Data items:
..........
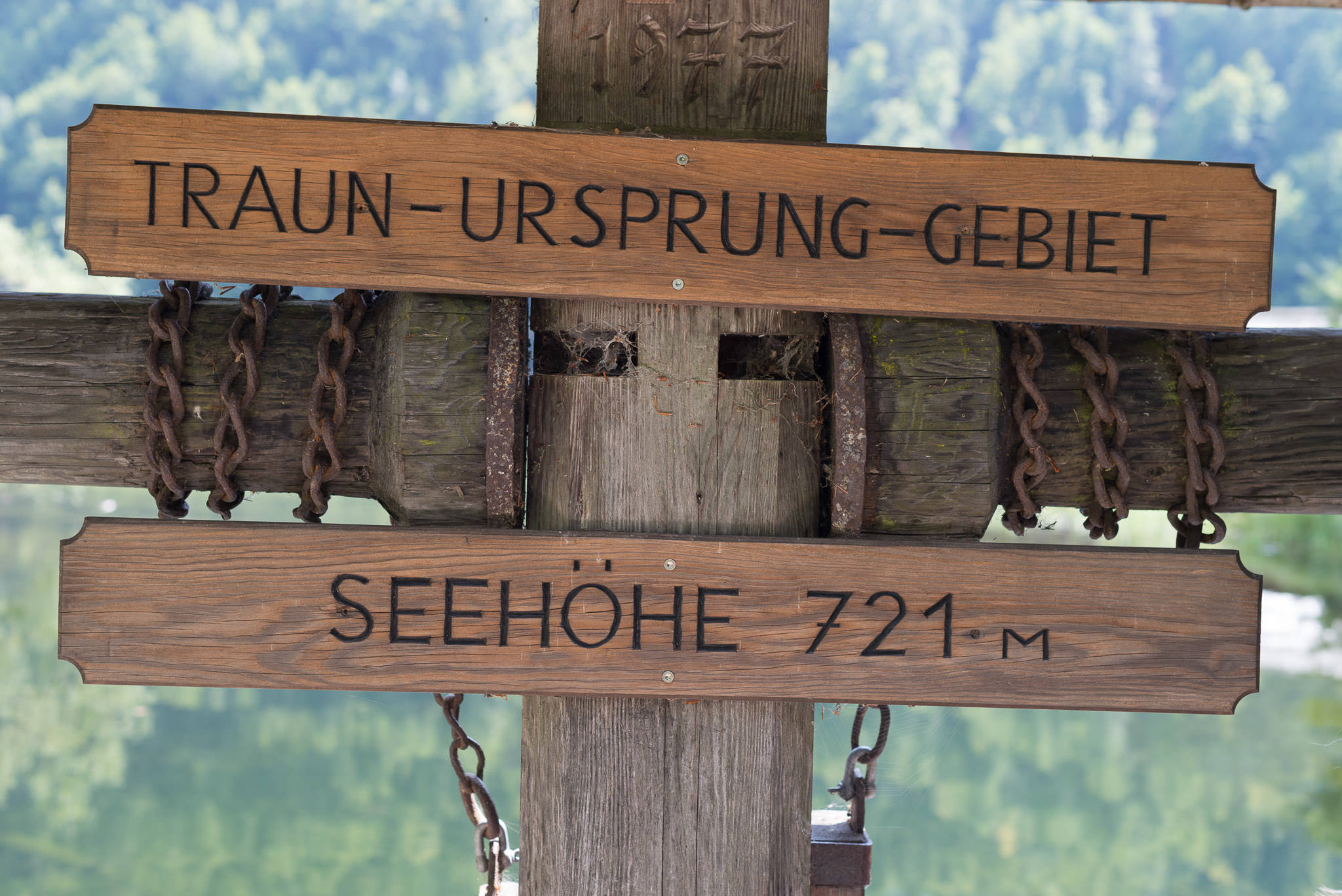 Schild 'Traun-Ursprung-Gebiet' beim Wehr am Toplitzbach
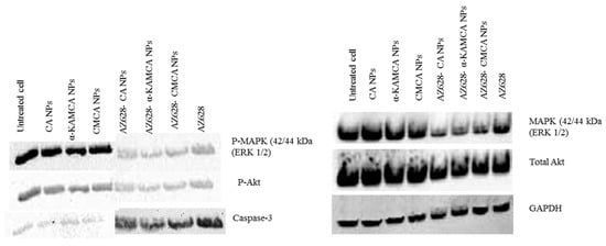MCF-7 cells (~5 × 106 cells) were seeded and incubated at 37 °C in a humidified atmosphere with 5% CO2 for 24 h. After that, the seeded cells were treated with CA NPs, α-KAMCA NPs, CMCA NPs, AZ628-loaded CA NPs, AZ628-loaded α-KAMCA NPs, AZ628-loaded CMCA NPs and free AZ628 for 24 h. CMCA NPs were formulated according to the protocol of our previous study [], however in the current study only CA NPs and α-KAMCA NPs were discussed. After treatment with the free drug, free NPs, and drug-loaded NPs, the cells were incubated for 24 h, followed by the cell detachment and cell lysis at 4 °C by using a lysis reagent (protease inhibitor, phosphatase inhibitor, sodium fluoride & stable stock lysis buffer). The lysed cells were centrifuged at 13,000 rpm for 30 min at 4 °C to collect the proteins from the supernatant. Quick Start Bradford Protein Assay kit (Bio-Rad) was used in estimating the total protein contents in the cell lysates. About 10 μg of total proteins were loaded for SDS-PAGE in stain-free Mini protein TGX gels (Bio-rad, USA) in the 1× running buffer at 50 V for 2 h. Proteins were transferred to a nitrocellulose membrane (Bio-rad, Germany) by wet blotting at 0.35 A for 2 h and the membrane was blocked with 5% skimmed milk in tris-buffered saline along with Tween-20 (1× TBST) for 1 h at room temperature. The membrane was incubated overnight with primary antibodies (T-MAPK, T-Akt, p-MAPK, p-Akt, Caspase-3 and GAPDH as an internal control) at 1:1000 dilutions at 4 °C with gentle shaking. The membrane was washed with TBST (5 × 10 mL) for 5 min each and further incubated with a secondary antibody (Thermo Fisher Scientific, Waltham, MA, USA) at 1:3000 dilution for 1 h at room temperature with gentle shaking. After the incubation with secondary antibody, the membrane was washed with TBST (5 × 10 mL) for 5 min to remove any unbound antibody. The membrane was incubated with a mixture of luminol and peroxide Clarity Western ECL substrate (Bio-rad, USA) at room temperature for 5 min. Protein bands were visualized using Chemidoc XRS Imaging system (Bio-rad, Hercules, CA, USA) following the manufacturer’s protocol.
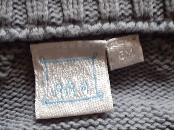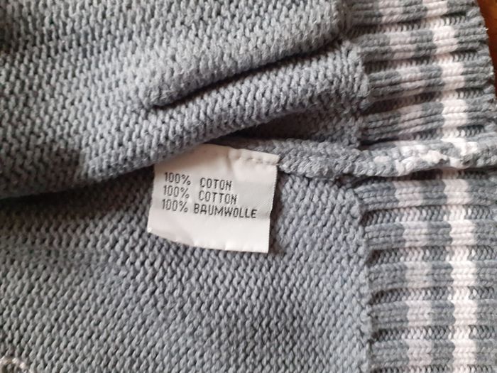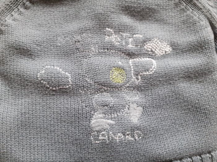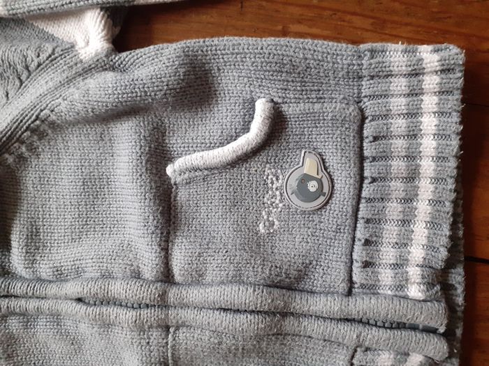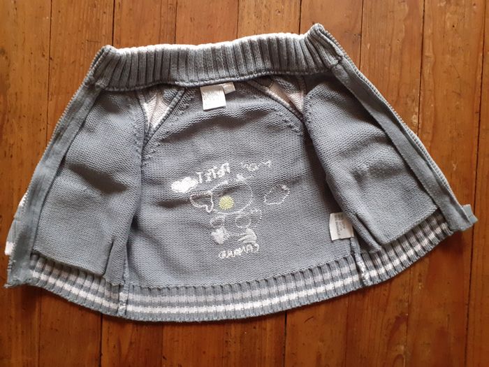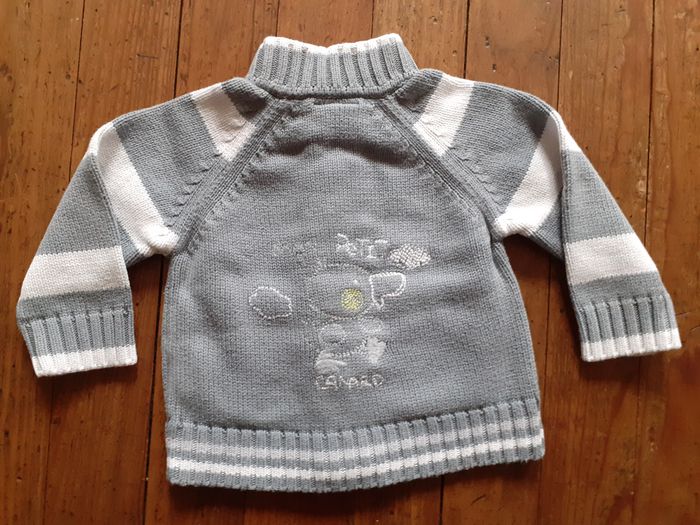 Très joli gilet Marque : Cadet Rousselle Taille : 6 mois Coloris : Gris et Blanc Col montant Deux petites poches Composition : 100% Coton Etat impeccable
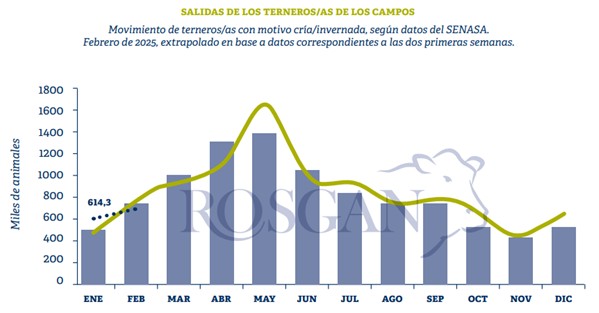 En enero, los datos del SENASA mostraban un movimiento de hacienda récord para ese mes, con cerca de 615.000 terneros y terneras saliendo de los campos de cría con destino a otros establecimientos de cría y/o invernada. Esto representaba un aumento del 21% en relación al nivel de traslados registrados en enero de 2024 y el nivel más elevado desde que el organismo publica estos mismos registros, año 2017.
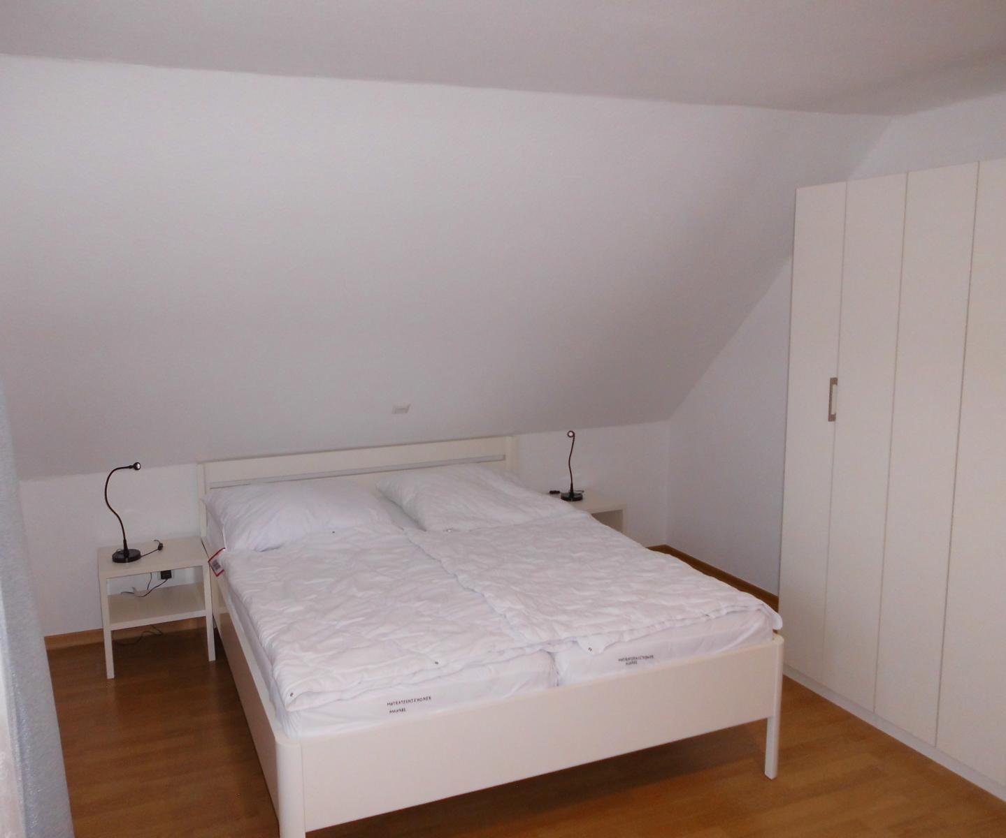 Im Obergeschoss sind 2 Schlafzimmer, eines davon mit einem Doppelbett, das zweite Schlafzimmer hat ein Doppelbett und Einzelbett (Dreibettzimmer) und Dusche/WC.
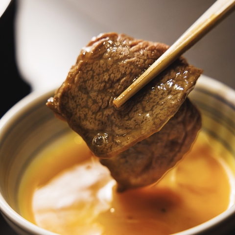 あっさりとした融点が低い上質な脂の肉に合うタレは自家製ポン酢とごまだれで。つけダレの種類は・かつおだし、ゆずこしょう、梅肉、ごまだれとお好みでどうぞ!
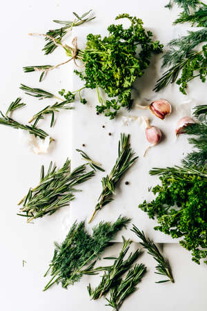 Flat-lay of various fresh green kitchen herbs. Parsley, mint, savory, basil, rosemary, thyme on white background, top view. Spring or summer healthy vegan cooking concept
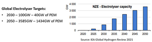 These policies indicate ambitious targets globally for electrolyzer production—an estimated 100 gigawatts (GW) must be installed by 2030, increasing to an estimated 3,585 GW of electrolysis by 2050 (FIG. 1). Of this production, it is expected that 40% will use proton exchange membrane (PEM) technology. With the recent introduction of the Inflation Reduction Act (IRA) in the U.S., and the REPowerEU H2 roadmap in the European Union (EU) coupled with the new EU Green Deal Industrial Plan, these volumes look to become a reality.
..........
### EXERCISE REQUIREMENTS
Reproduce the lines from the one holding "En enero, los" through the end of the entries above exactly, keeping both ends and dropping every picture.

### TASK OUTPUT
 En enero, los datos del SENASA mostraban un movimiento de hacienda récord para ese mes, con cerca de 615.000 terneros y terneras saliendo de los campos de cría con destino a otros establecimientos de cría y/o invernada. Esto representaba un aumento del 21% en relación al nivel de traslados registrados en enero de 2024 y el nivel más elevado desde que el organismo publica estos mismos registros, año 2017.
 Im Obergeschoss sind 2 Schlafzimmer, eines davon mit einem Doppelbett, das zweite Schlafzimmer hat ein Doppelbett und Einzelbett (Dreibettzimmer) und Dusche/WC.
 あっさりとした融点が低い上質な脂の肉に合うタレは自家製ポン酢とごまだれで。つけダレの種類は・かつおだし、ゆずこしょう、梅肉、ごまだれとお好みでどうぞ!
 Flat-lay of various fresh green kitchen herbs. Parsley, mint, savory, basil, rosemary, thyme on white background, top view. Spring or summer healthy vegan cooking concept
 These policies indicate ambitious targets globally for electrolyzer production—an estimated 100 gigawatts (GW) must be installed by 2030, increasing to an estimated 3,585 GW of electrolysis by 2050 (FIG. 1). Of this production, it is expected that 40% will use proton exchange membrane (PEM) technology. With the recent introduction of the Inflation Reduction Act (IRA) in the U.S., and the REPowerEU H2 roadmap in the European Union (EU) coupled with the new EU Green Deal Industrial Plan, these volumes look to become a reality.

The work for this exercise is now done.